#### Instructions for the task:
Reproduce from the records below, with no pictures, exactly the lines between the one containing "キャスター 自在キャスター 重量用" and the one containing "開拓塾 岡崎校 『10月・11月広告』 岡崎市 塾", inclusive.

Stored dataset items
--------------------------------

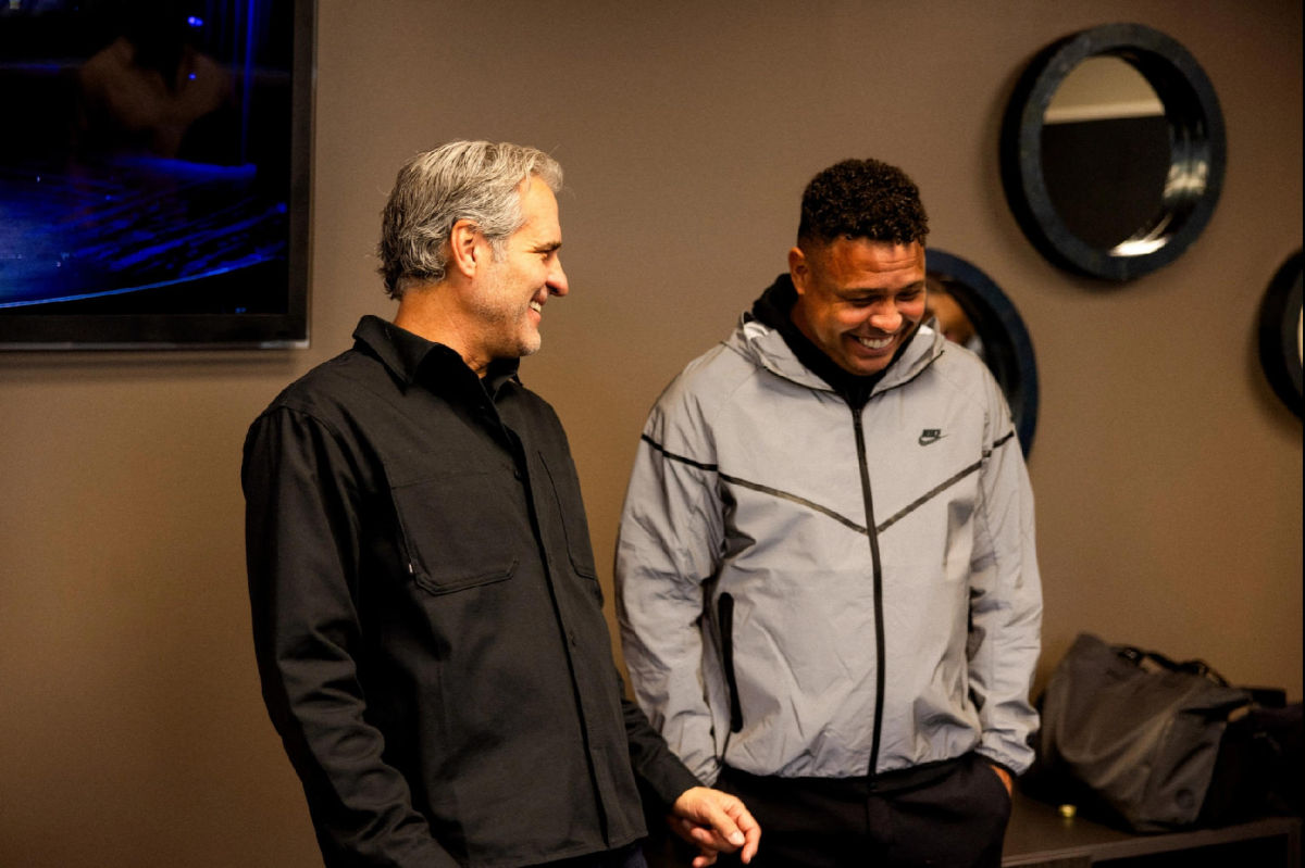 去年夏天,贺雁峰在园区与传奇球星罗纳尔多(Ronaldo)相聚。
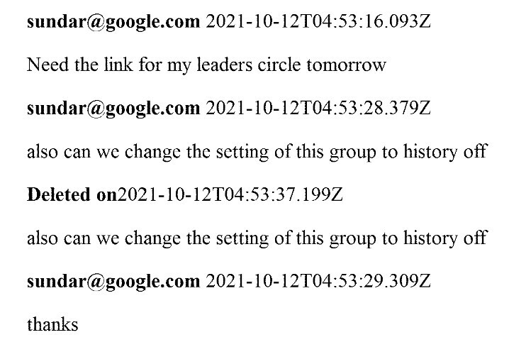 In de zaak kwamen ook gesprekken binnen Google naar voren, waarin Googles platform- en ecosysteemhoofd Margaret Lam haar personeel herhaaldelijk vroeg om hun chatgeschiedenis uit te zetten. Dat schrijft The Verge. Als Google-medewerkers dat doen, worden chatberichten na 24 uur verwijderd van Googles servers. Anders gebeurt dat na 30 dagen in een-op-eengesprekken of na 18 maanden voor threads in groepsgesprekken. Lam vroeg een collega bijvoorbeeld: "Is het te veel gevraagd om geschiedenis uit te zetten? Veel gevoeligheid met legal tegenwoordig :)" Toen een werknemer vertelde dat hij een legal hold had voor een rechtszaak, en dus zijn communicatie en documenten moest bewaren, zei ze: "Oké, misschien haal ik je uit het gesprek :)"
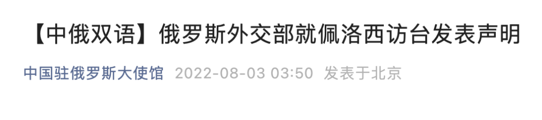 俄羅斯、白俄羅斯外交部就佩洛西訪臺發表聲明,全文如下:
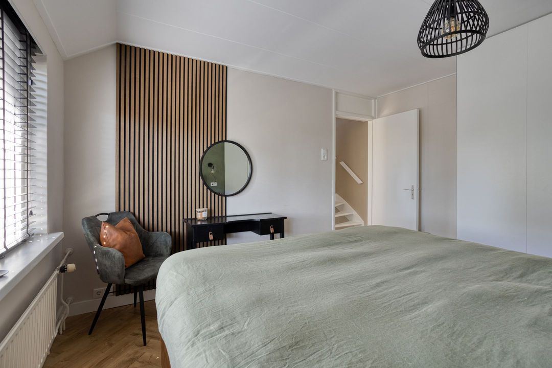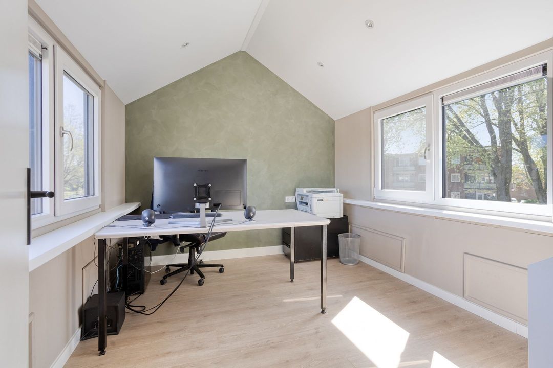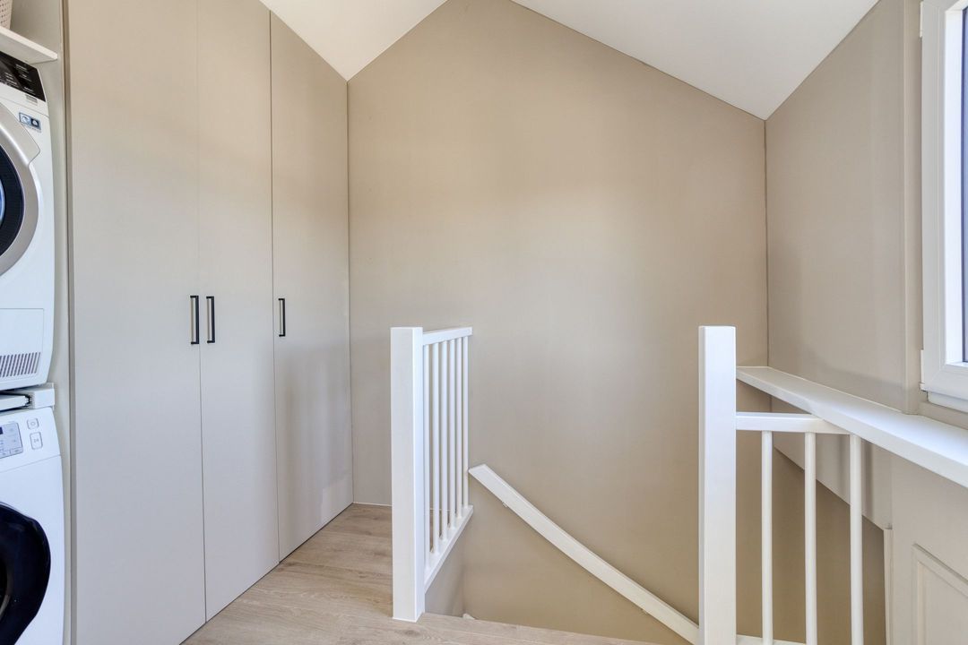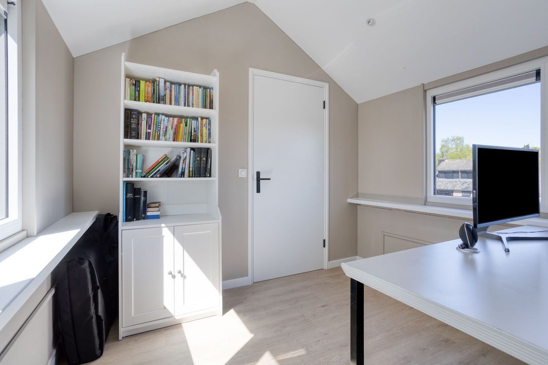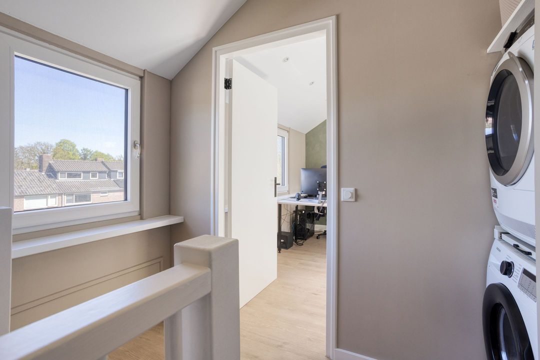 Via een vaste trap bereikt u de royale zolderverdieping. Hier vindt u een ruime voorzolder met veel bergruimte en de opstelling voor wasmachine en droger. Daarnaast is er een volwaardige vierde slaapkamer of werkkamer gerealiseerd. De dakopbouw met kunststof kozijnen zorgt voor extra comfort en licht.
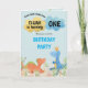 Dinosaurs are playing in the grass tossing a bone back and forth on front and playing among the palm trees on back inside of this cute 1st Birthday Party design with a template for you to exchange with your child's photo (or simply delete). Just add your details and photo to complete this memorable occasion design.
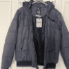 Sie besitzt eine große Kapuze, seitliche Taschen, eine Brust- und Innentasche, einen durchgehenden Reißverschluss und Ärmel mit Rippbündchen.
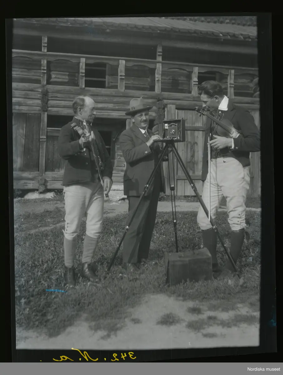 En fotograf har ställt upp sin kamera mellan två fiolspelande män i folkdräkt. Skansen, Stockholm.
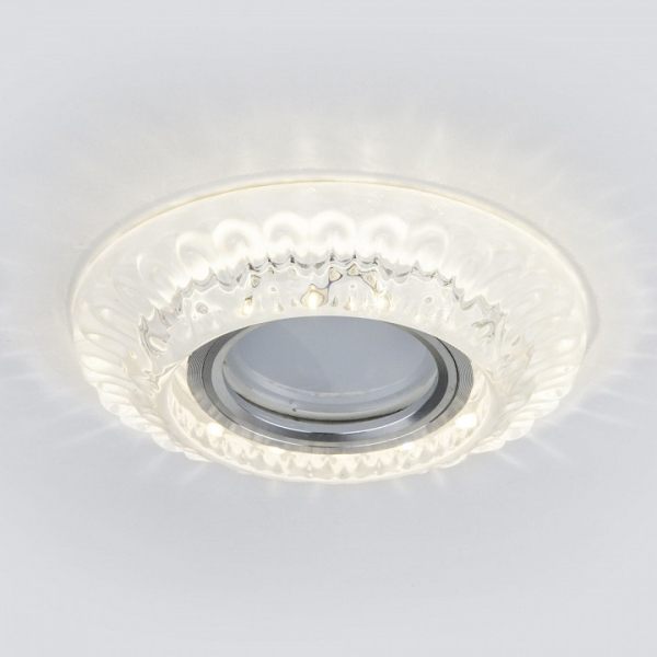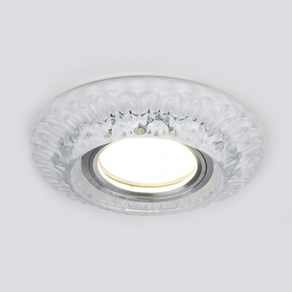 Цоколь GU5.3 с максимальной мощностью лампы 35 Вт в который подойдут лампы типа галогеновая или светодиодная (LED). Материал арматуры: стекло.
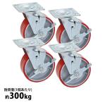 キャスター 自在キャスター 重量用 PU製 ストッパー付き 4個セット 重量用キャスター 耐荷重約300kg(1個あたり) 車輪直径約150mm 幅約50mm グリスニップル付き
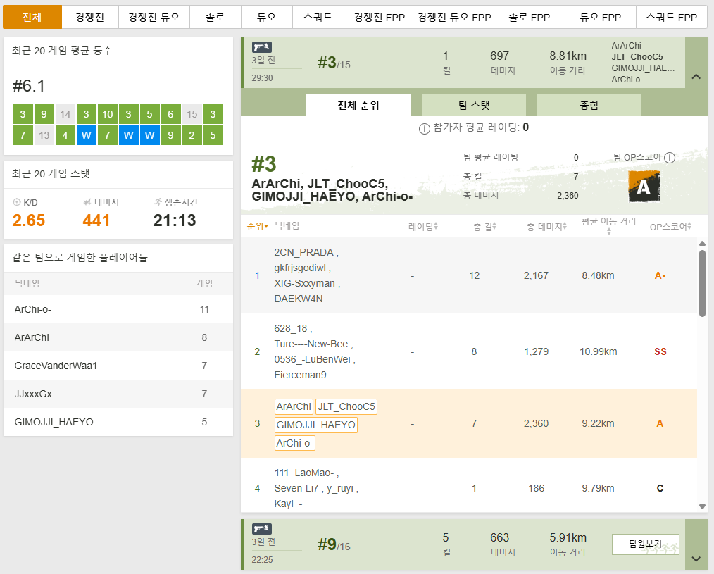 OP.GG 배그에 비해서, 각 게임에서 팀원들의 합산 기록과 개인 기록들을 더욱 디테일하게 알아볼 수 있습니다.
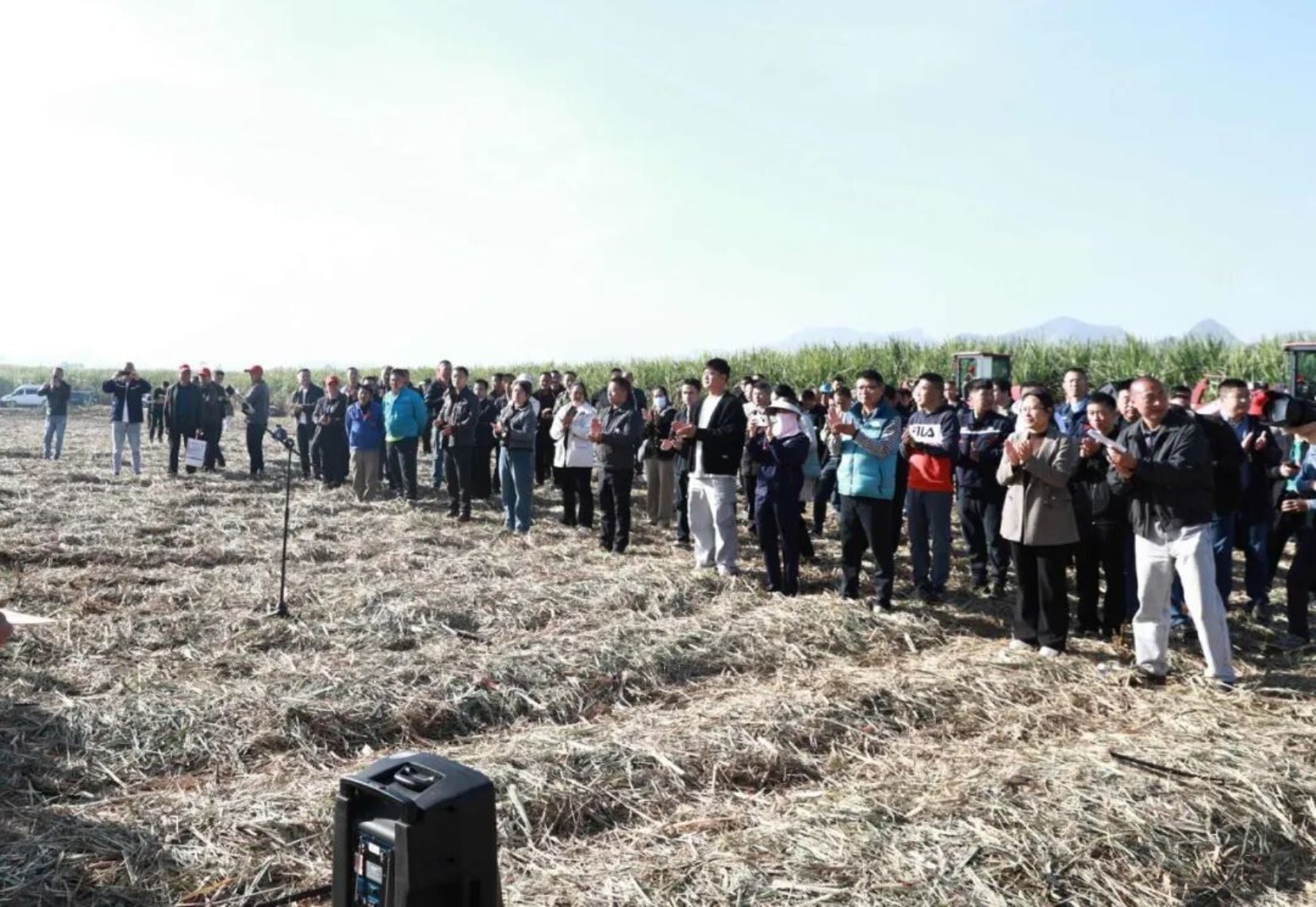风吹蔗海,机械轰鸣。11月28日,2025年柳州市糖料蔗机械化收获机具现场演示会,在柳江区新兴工业园兴柳路糖厂自营甘蔗地举办。全市各县区农机工作者与蔗农代表齐聚一堂,共同观摩10台机收设备与5台移动式除杂设备协同作业的高效场景。
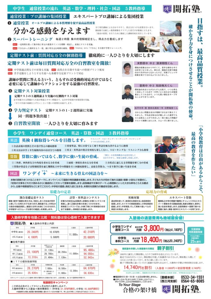 開拓塾 岡崎校 『10月・11月広告』 岡崎市 塾
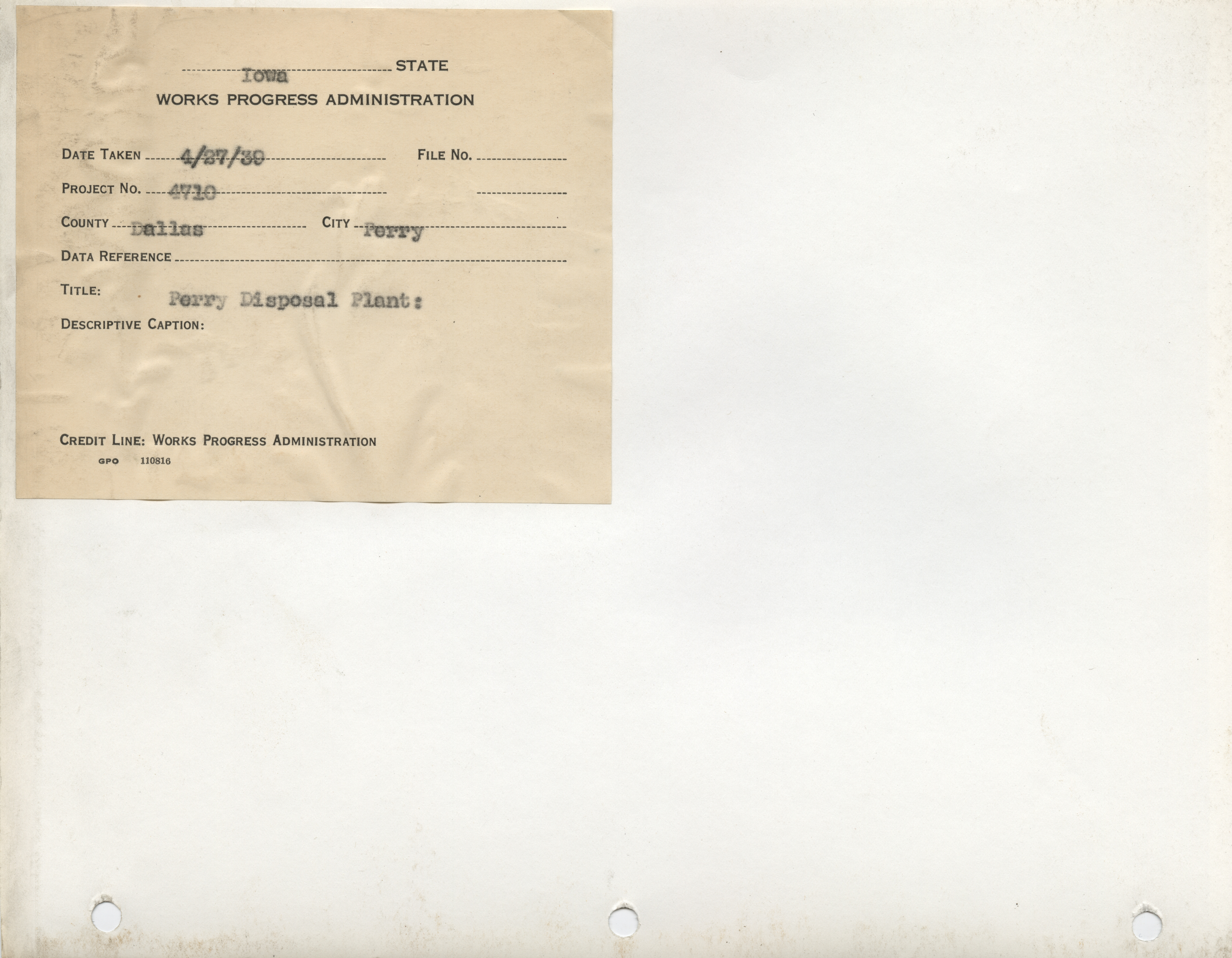 - "Photograph of construction of the disposal plant in Perry", Work Projects Administration (Iowa) Photographs, Iowa State University Library Digital Collections

--------------------------------

#### Output:
 キャスター 自在キャスター 重量用 PU製 ストッパー付き 4個セット 重量用キャスター 耐荷重約300kg(1個あたり) 車輪直径約150mm 幅約50mm グリスニップル付き
 OP.GG 배그에 비해서, 각 게임에서 팀원들의 합산 기록과 개인 기록들을 더욱 디테일하게 알아볼 수 있습니다.
风吹蔗海,机械轰鸣。11月28日,2025年柳州市糖料蔗机械化收获机具现场演示会,在柳江区新兴工业园兴柳路糖厂自营甘蔗地举办。全市各县区农机工作者与蔗农代表齐聚一堂,共同观摩10台机收设备与5台移动式除杂设备协同作业的高效场景。
 開拓塾 岡崎校 『10月・11月広告』 岡崎市 塾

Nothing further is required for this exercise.